Greetings to you, earthlings! For several years now, I have been trying to build my airship. The idea is quite simple: the airship does not need energy to maintain a height, and the area of its surface is large enough for the effective placement of solar panels. Thus, we theoretically have a drone capable of being in the sky for a very long time.
The idea is so simple that once I wondered why it has not yet been implemented? At first I began to study the theory, then other projects, and then I realized that I need to try to do it myself in order to understand why no one has done this so far?
At the moment, I faced a lot of problems, but I never found, the one that would make this project impossible. Difficult? Yes, but quite real.
As a start, I decided to make an unmanned airship. Relatively small (by the standards of other airships), but large enough to have practical use (this is not a toy, for home use). The main application for it was to be environmental monitoring (early detection of forest fires, monitoring of animal populations, the search for missing people in the mountains, etc.).
I built the first airship about three years ago, it was made in bush craft style, it took only about two weeks to assemble (sleepless), but worked kind of ok.
Almost immediately, the problem of its stabilization in the impulsive (gusty?) wind was discovered, I was ready for it, this problem was described in books, and planned to apply the stabilization system (approximately the same as in a quadrocopter), but I broke the airship (well, not me, but a hurricane to be precise) before I made such a system.
After the first crash, I decided to go “more professional” way, I found the hangar for storing the second version of my airship, and decided that I would make high-quality mechanics first, then I would write my own autopilot softwere and then I would start farther tests.
All this turned out to be quite difficult (who would have thought?), I did all this on my own and with the help of friends and enthusiasts. But over time, I found that I have nothing to eat)) It was not easy to combine such a project with making money. But so, I did’n want to take money from the government (because I live in Russia), and it seemed dishonest for me to look for private investments, because I «could not guarantee» it that everything would work out.
One way or another, I made a mechanic, and took up the creation of an autopilot. I thought that I was about to finish and I could bring the project to the market soon…
But, these criminals started the war … I thought that now humanity needs to solve problems like forest fires and recycling of plastic. Wars in the 21st century!?
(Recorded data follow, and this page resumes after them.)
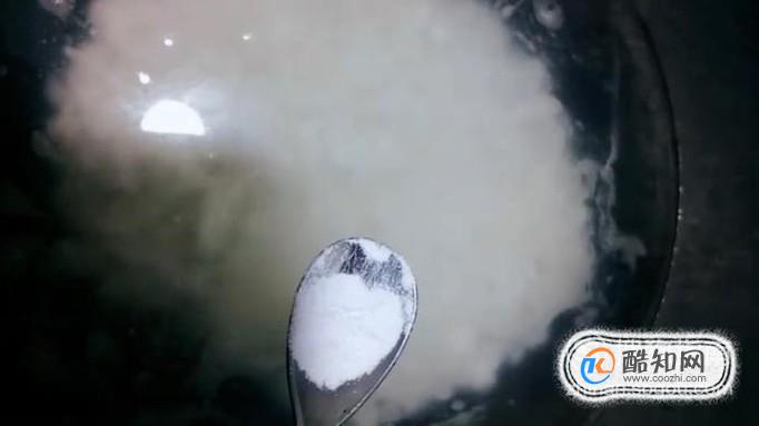 水開后,將準備好的剩米飯倒入水中,再向鍋中加入半勺食用面堿,小火加熱。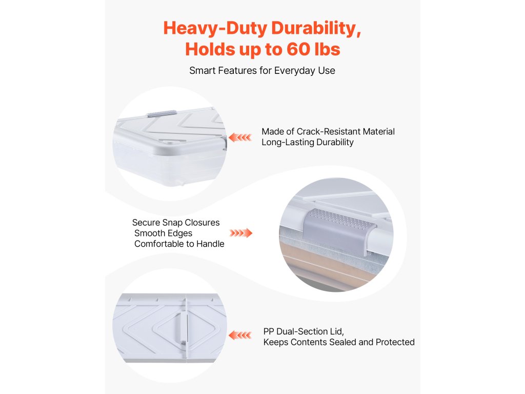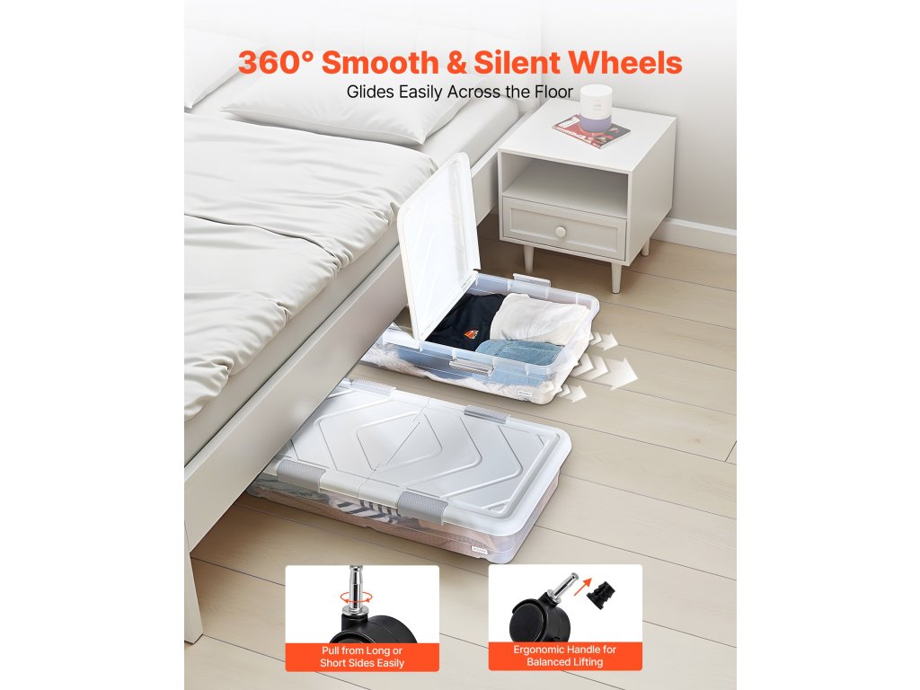 Ez a guruló ágy alatti tároló oldalsó fogantyúval és négy, 360°-ban simán forgatható (némelyik reteszelhető) görgővel rendelkezik, így könnyen siklik a különböző felületeken, és biztonságos elhelyezést tesz lehetővé.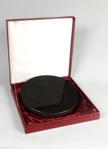 33), servant d'écrin à un plateau sphérique de marbre noir poli enveloppé par un tissu satiné bordeaux (diamètre?du plateau : 30 cm / épaisseur : 2 cm).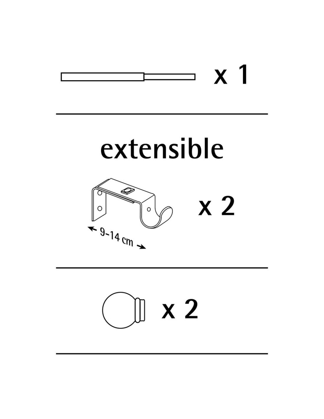 Kit barra cortina anillo extensible de 110 a 200cm negro stor planet. barras completas en formato de kit. contienen los componentes necesarios para la instalación : dos barras, 2 soportes extensibles con tacos y tornillos y 2 terminales (sin anillas). acabado satinado. instalación en pared. mantenimiento: limpieza con un paño seco.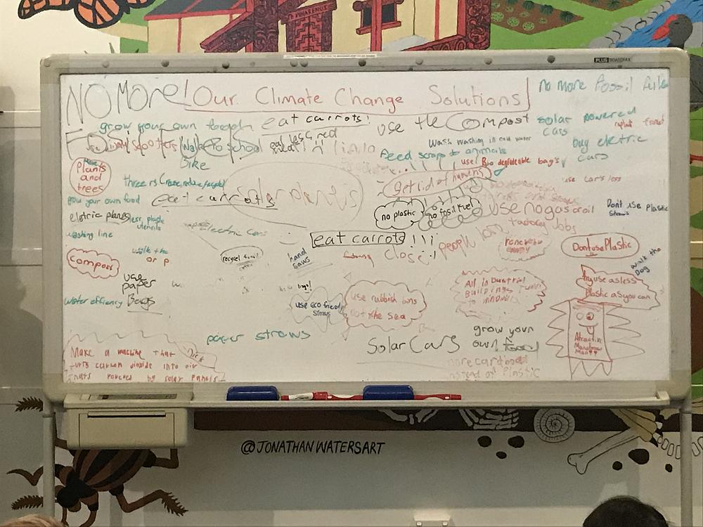 At the Museum we got to do fun things like look at the tornado machine, earthquake machine, and flood recreation. We discussed climate change and come up with ideas for how we can help. Our ideas included big ones like reducing fossil fuels and smaller changes we could do to help like not using so much wrapping in our lunch boxes.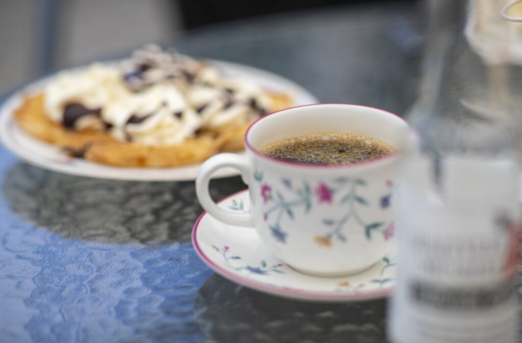 Här serveras hembakat, varma drycker, våfflor, smörgåsar och svala alternativ.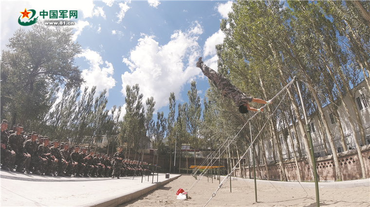 体操教练何云龙为火箭军新训基地官兵做单杠8练习示范。李京鹏摄

Sorry for the lyrical digression, I turn to the essence:
I realized that I need to accelerate. I am not quite competent to finish my autopilot fast, but I discovered that ArduPilot has made great work in this direction. A friend gave me Pixhawk2 Cube, and I decided that it would be faster to adapt it to my system than to do my own.
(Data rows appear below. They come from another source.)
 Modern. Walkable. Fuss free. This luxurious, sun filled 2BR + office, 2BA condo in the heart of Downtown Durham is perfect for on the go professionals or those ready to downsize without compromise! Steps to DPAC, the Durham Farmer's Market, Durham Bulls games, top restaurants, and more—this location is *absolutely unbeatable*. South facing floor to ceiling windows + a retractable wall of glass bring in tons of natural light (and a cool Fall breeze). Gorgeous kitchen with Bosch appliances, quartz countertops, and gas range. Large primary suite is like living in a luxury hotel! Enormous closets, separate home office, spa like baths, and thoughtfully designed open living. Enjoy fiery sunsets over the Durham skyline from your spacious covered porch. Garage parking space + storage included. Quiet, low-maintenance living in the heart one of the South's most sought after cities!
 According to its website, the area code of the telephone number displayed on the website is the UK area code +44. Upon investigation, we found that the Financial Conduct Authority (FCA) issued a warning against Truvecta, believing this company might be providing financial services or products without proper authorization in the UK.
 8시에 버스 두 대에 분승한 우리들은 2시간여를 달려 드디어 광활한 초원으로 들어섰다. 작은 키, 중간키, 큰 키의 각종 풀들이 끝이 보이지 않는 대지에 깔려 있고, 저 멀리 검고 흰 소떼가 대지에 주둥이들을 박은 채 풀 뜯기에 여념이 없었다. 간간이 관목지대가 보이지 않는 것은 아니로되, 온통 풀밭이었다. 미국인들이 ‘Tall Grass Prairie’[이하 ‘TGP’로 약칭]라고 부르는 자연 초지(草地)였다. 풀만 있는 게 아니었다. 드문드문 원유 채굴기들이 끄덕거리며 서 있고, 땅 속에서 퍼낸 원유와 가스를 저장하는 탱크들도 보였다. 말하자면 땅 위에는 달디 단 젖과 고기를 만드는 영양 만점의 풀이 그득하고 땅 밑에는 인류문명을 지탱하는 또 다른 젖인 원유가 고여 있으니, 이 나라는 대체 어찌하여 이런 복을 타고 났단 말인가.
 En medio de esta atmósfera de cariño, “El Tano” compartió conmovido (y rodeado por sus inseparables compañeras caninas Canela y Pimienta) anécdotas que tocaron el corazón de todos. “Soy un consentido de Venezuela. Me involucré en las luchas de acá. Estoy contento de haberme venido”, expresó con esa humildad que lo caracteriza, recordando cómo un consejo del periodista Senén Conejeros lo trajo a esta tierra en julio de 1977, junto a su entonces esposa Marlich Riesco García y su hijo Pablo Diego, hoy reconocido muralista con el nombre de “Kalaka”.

I am already reading the documentation on Ardupilot Blimp, and try to figure out what’s what. But I am a corrupted by Arduino and my typical code rarely has more than a thousand lines. Therefore, I will be glad to any advice. As far as I can judge for the ArduPilot community, it will also be useful to experience this software on a real airship. Perhaps my airship is not entirely real (classic), I have redesigned a concept a litte to simplify the takeoff and landing in the presence of wind, and changed the shape for more efficiently place solar panels and reduce the side wind load.
So, I decided to open this topic. I hope I correctly understood the rules of the community. I will be glad to any participation. I’m not a great master in communication with people, but I will try my best)
If it interesting, I will post the configuration of my motors, servos etc.